*Aim of the task:*
Transcribe only part of the material below: the lines from the one containing "Students during the competitions." through the one containing "L-R: Before and", inclusive, exactly as written.

*Material provided:*
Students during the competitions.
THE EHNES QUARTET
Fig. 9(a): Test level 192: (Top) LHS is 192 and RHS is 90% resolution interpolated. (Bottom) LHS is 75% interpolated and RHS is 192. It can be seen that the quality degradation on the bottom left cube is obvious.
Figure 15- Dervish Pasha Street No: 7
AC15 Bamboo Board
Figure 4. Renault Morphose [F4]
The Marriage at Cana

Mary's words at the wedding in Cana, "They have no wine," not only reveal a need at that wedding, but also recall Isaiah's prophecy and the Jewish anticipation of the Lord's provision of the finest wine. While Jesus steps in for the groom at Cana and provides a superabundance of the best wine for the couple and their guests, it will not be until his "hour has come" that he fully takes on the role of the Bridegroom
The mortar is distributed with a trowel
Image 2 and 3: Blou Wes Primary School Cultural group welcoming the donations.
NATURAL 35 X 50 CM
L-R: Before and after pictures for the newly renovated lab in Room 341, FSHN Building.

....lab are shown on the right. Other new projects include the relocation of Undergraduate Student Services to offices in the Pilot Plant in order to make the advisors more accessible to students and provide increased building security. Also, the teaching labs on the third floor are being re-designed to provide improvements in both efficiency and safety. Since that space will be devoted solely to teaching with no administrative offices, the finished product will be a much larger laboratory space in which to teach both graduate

==

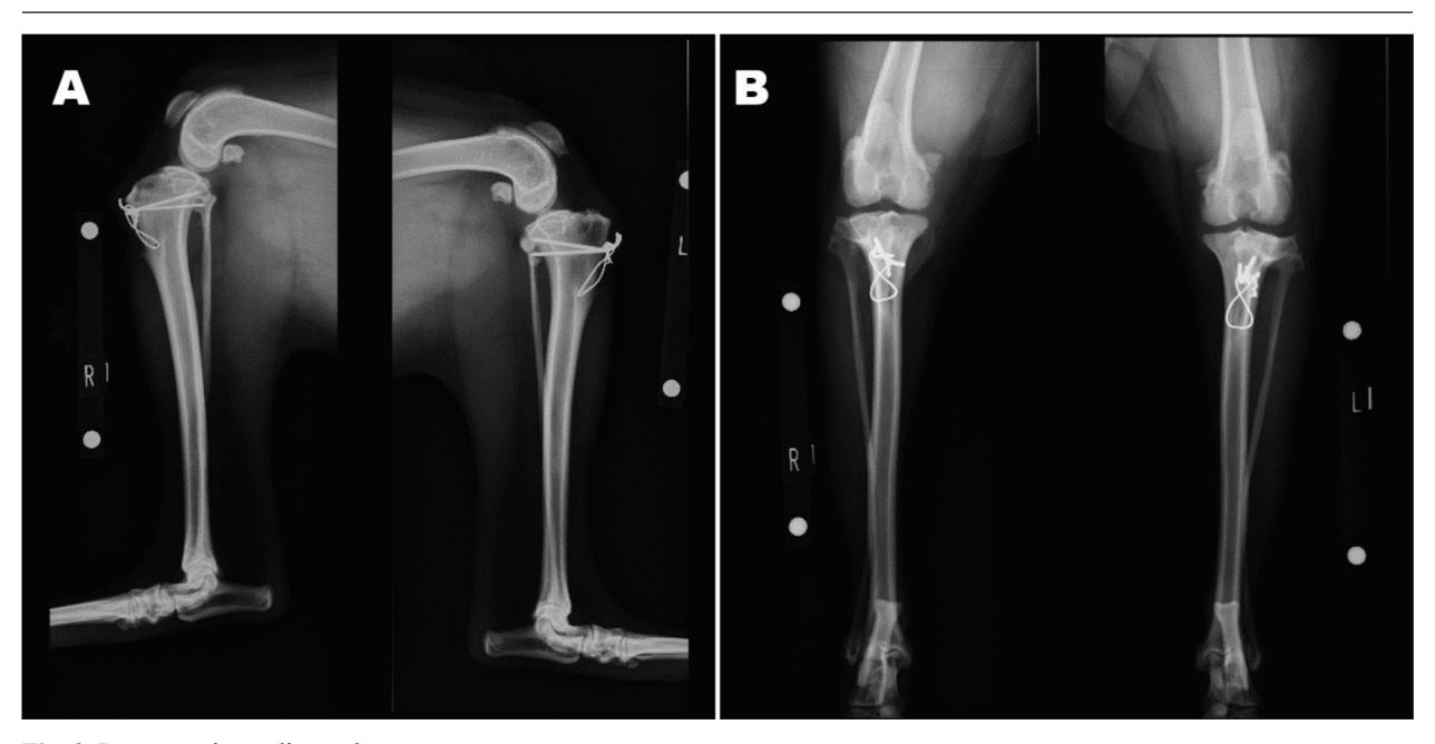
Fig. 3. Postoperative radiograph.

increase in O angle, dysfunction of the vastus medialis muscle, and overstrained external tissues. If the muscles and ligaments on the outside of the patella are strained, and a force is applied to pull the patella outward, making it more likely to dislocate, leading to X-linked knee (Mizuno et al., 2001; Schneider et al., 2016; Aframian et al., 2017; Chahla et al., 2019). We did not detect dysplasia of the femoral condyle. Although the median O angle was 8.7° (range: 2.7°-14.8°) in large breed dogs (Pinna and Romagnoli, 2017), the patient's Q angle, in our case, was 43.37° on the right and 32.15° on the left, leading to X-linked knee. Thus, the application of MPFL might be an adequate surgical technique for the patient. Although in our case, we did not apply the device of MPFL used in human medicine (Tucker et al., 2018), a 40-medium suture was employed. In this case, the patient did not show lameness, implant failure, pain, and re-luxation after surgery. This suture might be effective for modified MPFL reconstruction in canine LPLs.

---

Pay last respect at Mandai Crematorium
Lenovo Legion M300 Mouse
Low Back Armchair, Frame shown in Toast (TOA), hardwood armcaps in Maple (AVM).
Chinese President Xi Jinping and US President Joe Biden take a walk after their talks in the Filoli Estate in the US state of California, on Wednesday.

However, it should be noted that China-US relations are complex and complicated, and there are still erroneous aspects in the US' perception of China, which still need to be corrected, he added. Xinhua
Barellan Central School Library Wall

*Answer box:*
Students during the competitions.
THE EHNES QUARTET
Fig. 9(a): Test level 192: (Top) LHS is 192 and RHS is 90% resolution interpolated. (Bottom) LHS is 75% interpolated and RHS is 192. It can be seen that the quality degradation on the bottom left cube is obvious.
Figure 15- Dervish Pasha Street No: 7
AC15 Bamboo Board
Figure 4. Renault Morphose [F4]
The Marriage at Cana

Mary's words at the wedding in Cana, "They have no wine," not only reveal a need at that wedding, but also recall Isaiah's prophecy and the Jewish anticipation of the Lord's provision of the finest wine. While Jesus steps in for the groom at Cana and provides a superabundance of the best wine for the couple and their guests, it will not be until his "hour has come" that he fully takes on the role of the Bridegroom
The mortar is distributed with a trowel
Image 2 and 3: Blou Wes Primary School Cultural group welcoming the donations.
NATURAL 35 X 50 CM
L-R: Before and after pictures for the newly renovated lab in Room 341, FSHN Building.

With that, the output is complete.